§ HOW TO COMPLETE THIS TASK
Write out again, exactly, the lines below starting at the one with "ビジネスセミナーを企画開催す" and ending at the one with "Natural Paris Teal".

§ INFORMATION
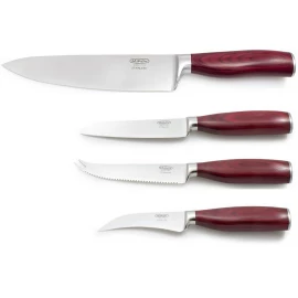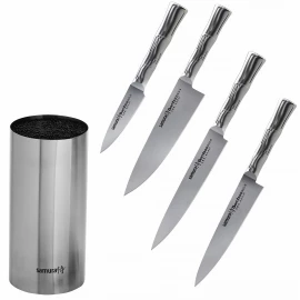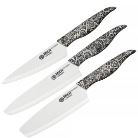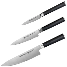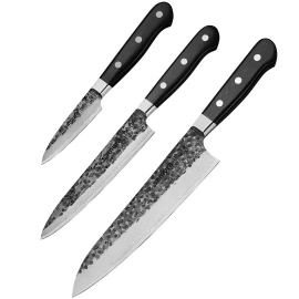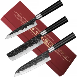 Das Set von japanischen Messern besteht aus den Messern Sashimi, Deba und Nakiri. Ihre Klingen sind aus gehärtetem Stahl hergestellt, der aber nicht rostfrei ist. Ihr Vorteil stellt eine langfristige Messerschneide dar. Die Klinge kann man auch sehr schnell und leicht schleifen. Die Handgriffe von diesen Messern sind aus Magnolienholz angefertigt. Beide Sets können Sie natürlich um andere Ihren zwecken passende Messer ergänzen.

...

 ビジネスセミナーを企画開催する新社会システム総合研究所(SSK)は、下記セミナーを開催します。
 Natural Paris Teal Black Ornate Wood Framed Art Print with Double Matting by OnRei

==

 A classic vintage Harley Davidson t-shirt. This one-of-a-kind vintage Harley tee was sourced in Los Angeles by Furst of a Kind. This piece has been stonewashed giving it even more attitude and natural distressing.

§ ANSWER TO THE EXERCISE
 ビジネスセミナーを企画開催する新社会システム総合研究所(SSK)は、下記セミナーを開催します。
 Natural Paris Teal Black Ornate Wood Framed Art Print with Double Matting by OnRei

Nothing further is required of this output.